Eve Rodsky addresses this topic in her book, Fair Play, which contains concrete suggestions for how to triage and rebalance the often invisible work that mothers do. Because not only do we need the help, we deserve it.
6. I’m doing enough.
As the old saying goes, perfect is the enemy of good. Yes, there will always be the mom who brings personalized Halloween cookies for the whole class or shows up to back-to-school night with a bullet-point list of questions organized by topic. Good for her. We all need to prioritize, though, and usually, something has to give.
It’s OK to feed your kids chicken nuggets three nights in a row or toss a random scarf on their heads on the way out the door for “Dress Like a Pirate Day.” Good enough is underrated.
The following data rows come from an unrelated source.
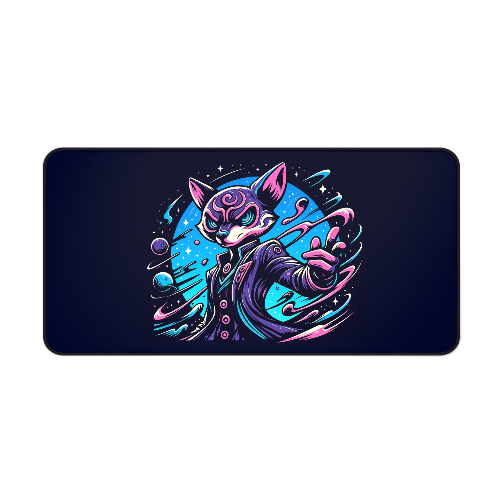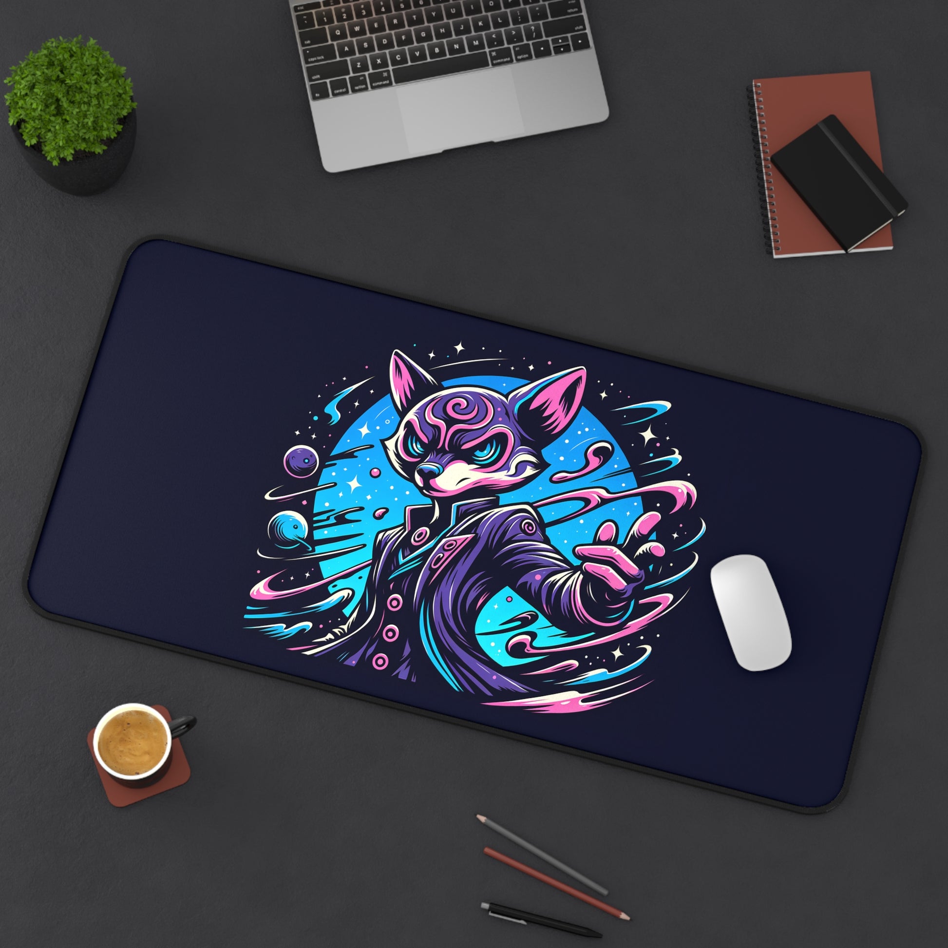 This eye-catching accessory features a dapper, animated fox character surrounded by a cosmic swirl of planets and stars. Crafted with a bright, colorful comic graphic design, this oversized mousepad adds a touch of playful personality to your workspace. Whether you're a fan of quirky illustrations or just love to let your mouse roam freely, the Bizarre Sly Fox XL Mousepad is the perfect addition to your desk.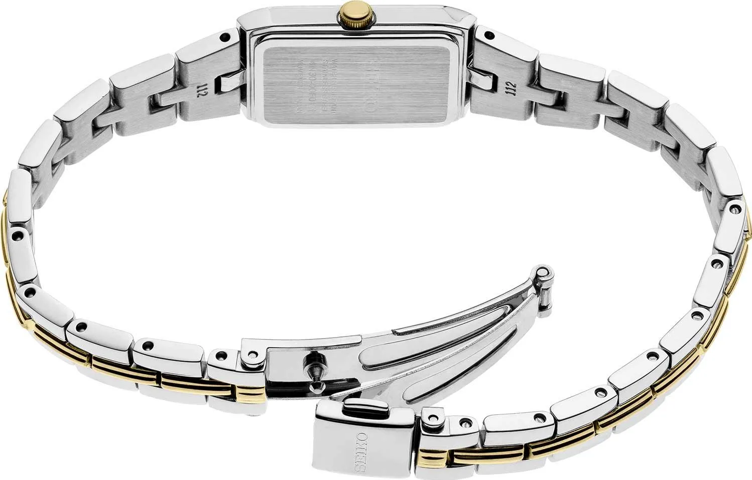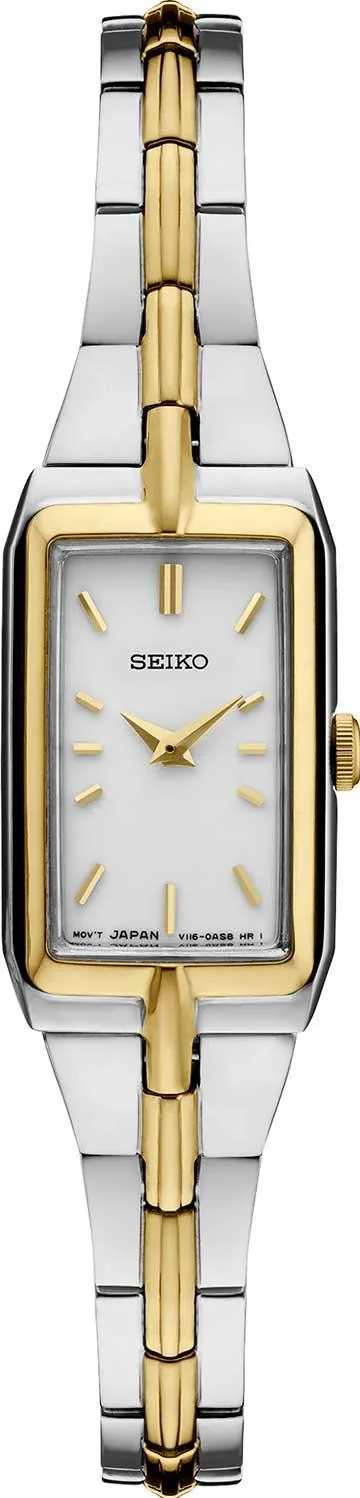Женские кварцевые часы с белым циферблатом и центральными часовой и минутной стрелками воплощают элегантность и утонченность. Прямоугольный корпус из нержавеющей стали с частичным PVD-покрытием под желтое золото имеет изящные размеры: ширину 15,5 мм и толщину 5,6 мм. Модель дополнена стальным браслетом с частичным покрытием и раскладывающейся застежкой, обеспечивающей удобство ношения. Циферблат защищен минеральным стеклом Hardlex, устойчивым к повреждениям, а уровень водонепроницаемости WR 30 гарантирует защиту от брызг. Эти часы станут идеальным аксессуаром для тех, кто ценит сдержанный стиль и надежность.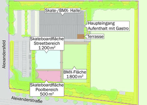 Während der BMX Teil von den „Radfahrern“ geplant wird, wird der Pool- und Street Bereich von Skateboardern designt werden. Die Pools werden zum Beispiel von den Omsa Leuten umgesetzt werden. Und die Skateboard AG mit Michael Meibers-Hinrichs kümmert sich um einen guten Street Bereich.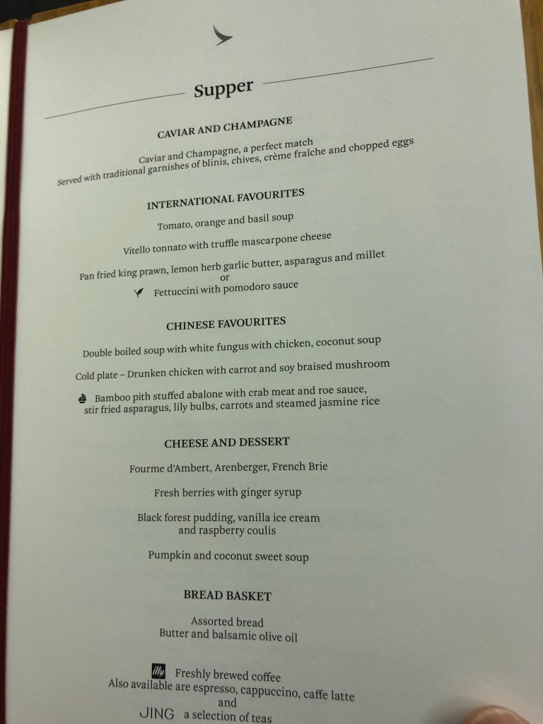 Krugとキャビア提供がある点はグッドですが、正直そのほかの食事は、まあまあでした。これだったらキャセイならビジネスでいいかも、と。

Good enough can preserve your sanity and ensure you have the energy for the parts of your life that don’t revolve around school projects or “Silly Sock Day.”
7. I am unique and creative.
When we become moms, it can be so easy to let it become our entire identity. While one of our biggest priorities these days is to raise our little ones to the best of our abilities, it’s important to remember what makes us individually unique. Though we may not always have the time to tap into our favorite hobbies or do all of the things that we loved before becoming moms, giving ourselves a little reminder that we are unique and special as individuals might be just what we need to hear.
8. I am loved.
Often times when we’re rushing out the door or onto the next event, we quickly toss out an ‘I love you’ to our partners and kids. And don’t get me wrong, anytime this sentiment is shared is a good thing. But when our minds are focusing on other tasks at hand, it can be tough for anyone to fully internalize what’s being said. Let’s use this phrase as an opportunity to feel those ‘I love you’ moments we share with those around us, and perhaps as a reminder to share even more intentional sentiments with those who mean the most to us.